Kicking a team when they're down is so passé. The English specialise in bringing their team down when they're up

England may be shaping up nicely, but what about when the angel in charge of fashion crimes (Sunglasses Division) gets on their case, eh? • Getty Images
Batsmen will say they are "due a big score". By the same rationale, England supporters will imagine their form players are "due a failure" if all is going too well. Note my use of the phrase "too well" in that last sentence. Only an Englishman could have written that without a moment's thought. That good things don't last is a concept that is built into my character.
The glass half-full perspective on wicketkeepers is that there's always one thing that they can get right, be it in front of or behind the stumps.
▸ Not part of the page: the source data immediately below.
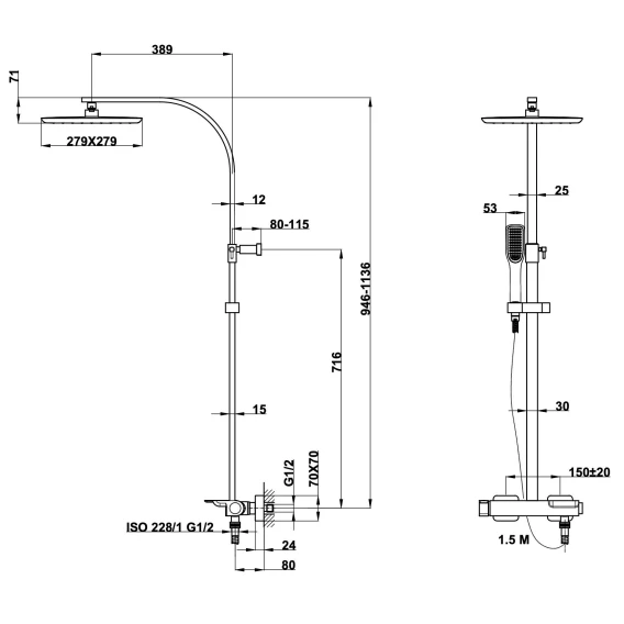 Аэратор, Металлическая розетка, Эксцентрики, Душевой шланг, Душевая лейка, Держатель для душевой лейки, Верхний душ, Смеситель, Кронштейн, Штанга душевая
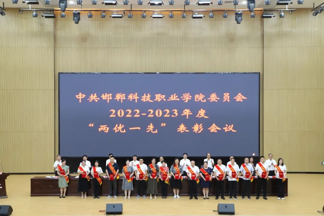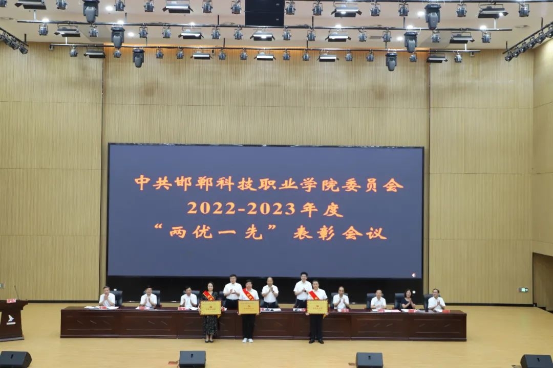 6月29日下午,邯鄲科技職業(yè)學(xué)院在邯鄲職教城國際學(xué)術(shù)交流中心二樓報(bào)告廳召開2022-2023年度優(yōu)秀共產(chǎn)黨員、優(yōu)秀黨務(wù)工作者和先進(jìn)黨支部表彰會(huì)議。學(xué)院黨委書記楊萬春出席并講話,黨委副書記、院長李鵬麗主持,黨委領(lǐng)導(dǎo)班子成員出席。
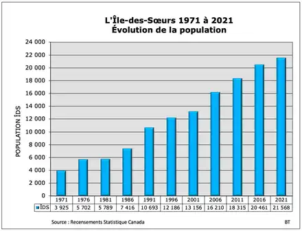 Au cours des 50 dernières années, les recensements de Statistique Canada témoignent de la croissance soutenue du quartier de L'Île-des-Sœurs. En 1971 l'île ne comptait que 3 925 résidents. En 2021, 21 568 personnes y vivent.
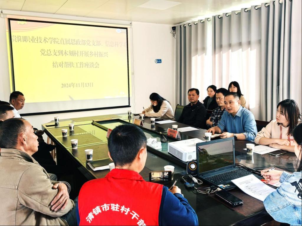 为进一步深化结对帮扶工作,持续发挥党建引领作用,11月13日,信息科学系党总支联合直属思政部党支部,共同前往清镇市木刻村开展乡村振兴结对帮扶工作。此次活动旨在通过实地考察、座谈交流、技术支持等多种形式,解决木刻村的实际需求。信息科学系党总支书记谷甫刚、系主任宋波、党总支专职副书记廖欣瑜及部分教师代表参加此次活动,木刻村驻村第一书记施波、村支书林达丽、村两委班子成员出席。
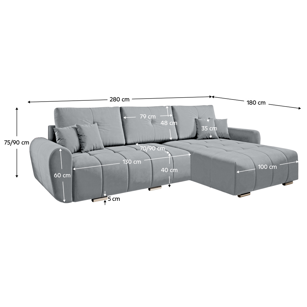 Materiál: látka Monolith 84 Oděruodolnost textilie podle testu Martindale: 100 000 oděrů Barva: světle šedá Rozměry (ŠxHxV): 280x180x75/90 cm Rozkládací Plocha na spaní (ŠxD): 134x230 cm Výška sedu: 40 cm Hloubka sedu: 70/90 cm Šířka sedáku: 130 cm Šířka otomanu: 100 cm Na nožičkách Materiál nožiček: plast Barva nožiček: stříbrná Výška spodního prostoru od podlahy: 5 cm Výplň: pružina falista/PUR pěna Univerzální provedení Celočalouněná Rohová S úložným prostorem Dodáváno s polštáři Rozměry dekorativních polštářů (ŠxV): 35x35 cm Rozměry opěrkového polštáře (ŠxV): 79x48 cm Voděodolný materiál Dekorativně prošívaná Dodáváno v demontu Možnost individuálních objednávek sedací soupravy v 7 barevných provedeních látky Monolith za cenu 22 250 Kč. Při individuální objednávce je nutné zaplatit 20% zálohu z dané částky. Po zaplacení zálohy bude vaše požadavka zadána do výroby. Dodací lhůta 6-8 týdnů.

The English attitude is that unless you're excelling at both batting and keeping pretty much constantly, your place is under threat from whoever last made a hundred in the second division of the County Championship. Wicketkeepers and allrounders don't have two strings to their bow, they are twice as likely to fail.
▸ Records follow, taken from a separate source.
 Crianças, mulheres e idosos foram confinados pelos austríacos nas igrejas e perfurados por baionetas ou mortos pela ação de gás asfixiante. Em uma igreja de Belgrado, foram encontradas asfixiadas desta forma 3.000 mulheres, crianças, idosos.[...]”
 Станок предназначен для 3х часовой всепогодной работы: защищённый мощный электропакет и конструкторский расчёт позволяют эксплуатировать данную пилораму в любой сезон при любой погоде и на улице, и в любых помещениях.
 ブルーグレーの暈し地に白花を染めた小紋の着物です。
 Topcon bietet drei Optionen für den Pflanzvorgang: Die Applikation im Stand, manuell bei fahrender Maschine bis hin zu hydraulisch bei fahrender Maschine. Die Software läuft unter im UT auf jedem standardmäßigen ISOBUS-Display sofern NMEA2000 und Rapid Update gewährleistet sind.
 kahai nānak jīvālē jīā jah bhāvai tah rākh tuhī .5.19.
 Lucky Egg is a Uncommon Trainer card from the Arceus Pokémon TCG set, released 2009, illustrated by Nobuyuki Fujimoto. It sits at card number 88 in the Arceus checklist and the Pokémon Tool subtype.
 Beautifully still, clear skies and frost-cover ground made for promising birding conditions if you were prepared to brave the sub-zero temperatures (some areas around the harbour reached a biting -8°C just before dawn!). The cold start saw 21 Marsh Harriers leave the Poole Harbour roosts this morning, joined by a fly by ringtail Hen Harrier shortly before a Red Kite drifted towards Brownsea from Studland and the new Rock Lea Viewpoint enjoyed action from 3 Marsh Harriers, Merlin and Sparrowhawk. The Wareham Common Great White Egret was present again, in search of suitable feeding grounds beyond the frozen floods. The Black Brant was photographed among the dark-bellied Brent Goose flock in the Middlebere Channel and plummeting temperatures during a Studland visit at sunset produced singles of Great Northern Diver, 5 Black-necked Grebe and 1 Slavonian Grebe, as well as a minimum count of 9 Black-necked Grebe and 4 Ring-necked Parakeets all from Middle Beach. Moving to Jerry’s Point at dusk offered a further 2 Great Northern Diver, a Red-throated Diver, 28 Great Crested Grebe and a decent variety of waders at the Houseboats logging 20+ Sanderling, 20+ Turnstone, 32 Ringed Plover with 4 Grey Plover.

Think of No. 1 Test teams over the years and the majority have had four bowlers. The great West Indies sides, the Australia teams of recent vintage, and even India, who currently top the rankings. England currently have four bowlers and an entire middle order of part-timers. To the English this is a catastrophe waiting to happen. What if someone pulls a hamstring? Always expect the worst.
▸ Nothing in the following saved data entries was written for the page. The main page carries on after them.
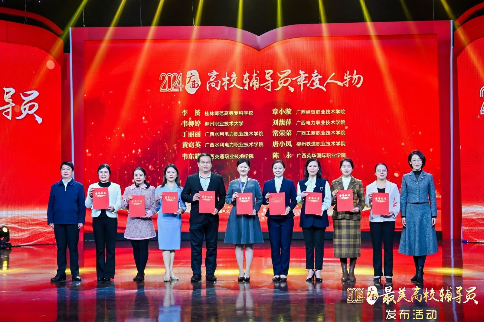 ▲廣西英華國際職業(yè)學院輔導員陳永老師榮獲2024年廣西“高校輔導員年度人物”,在活動現(xiàn)場接受表彰。
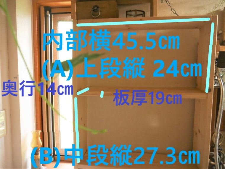 上段(A)ふつうのハードカバーサイズ用、中段(B)少し大き目ハードカバーサイズ用の本棚としてつくったもの。
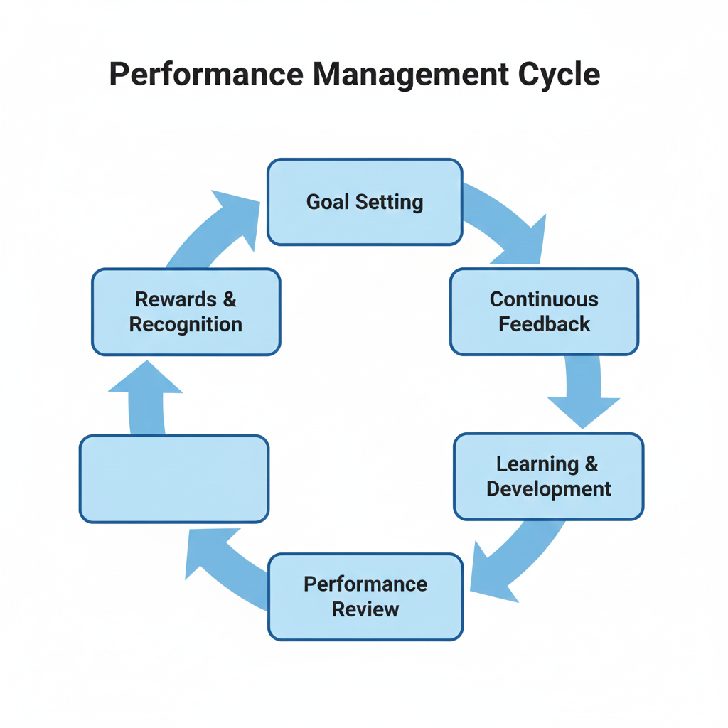 [Goal Setting] → [Continuous Feedback] → [Learning & Development] → [Performance Review] → [Rewards & Recognition] → Back to Goal Settingac
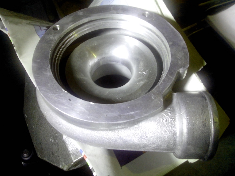 après perçage/taraudage de plusieurs trous de fixations supplémentaires du poumon sur le corps froid, je gagne environ 30° d'angle pour la sortie du compresseur. C"est impeccable!
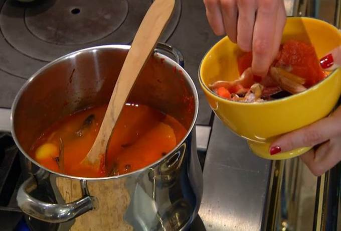 • В кастрюлю с овощами и специями выложить кусочки рыбы для бульона и довести до кипения (но не кипятить!), затем убавить огонь и варить минут семь.
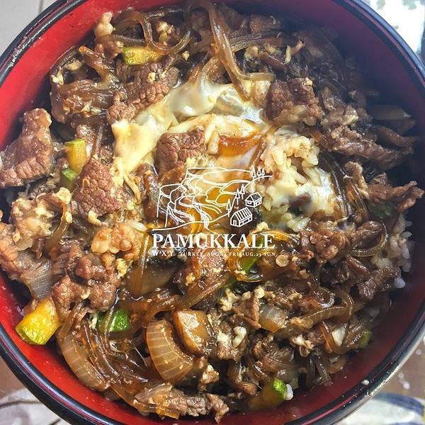 进入店面,迎面来了一位小男生,他居然用中文向我们问好!!!然而我们的挑夫许还在用英文回答,小男生仍旧用中文继续对话提问,正当小许想用英文回答时,被我们集体吐槽,拦住了。好好说中文,别秀了。去棉花堡前,得先解决午餐,小桐子没有找到 white house,最后我们就近去了旁边的 lamuko‘s lokanta,其实这家日本餐厅对面便是 white house 了。好喜欢夫妇的这张合影我的寿喜牛肉盖饭,那么多天吃不习惯,遇到这熟悉的米饭,熟悉的口感,还有粉丝儿,好幸福
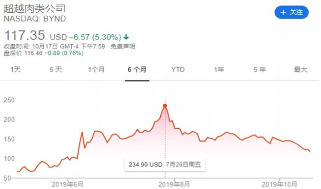 BeyondMeat2019年5月2日在纳斯达克挂牌当日,开盘价46美元,较发行价25美元溢价84%;股价收涨163%,至65.75美元,创金融危机以来最佳IPO首日表现。7月底最高时达到234.9美元,相较发行价翻了9.3倍。

Thanks to skill, maturity and Hawk-Eye, Graeme Swann has 113 Test wickets at 26.55. This is unprecedented for a conventional finger-spinner and therefore cannot last. What Gareth Batty and Richard Dawson did gives us a better idea of Swann's future performance than anything he himself has done. If Swann goes to pieces, England will have to resort to Monty Panesar. Panesar is not first reserve because Swann has been bowling well. He is first reserve because he was dropped and is therefore a failure.
Australians, you will never match the English at criticising your own team. We can defeat our boys before they've even strapped on their pads. We basically see professional cricket as being a film script written for other nations. If England declare for 600 without loss and then dismiss the opposition for under a hundred, we don't anticipate a crushing win, we see the potential for the most embarrassing loss in cricket history. That is our very first thought, I kid you not. You can't fake pessimism like that. It's in your blood.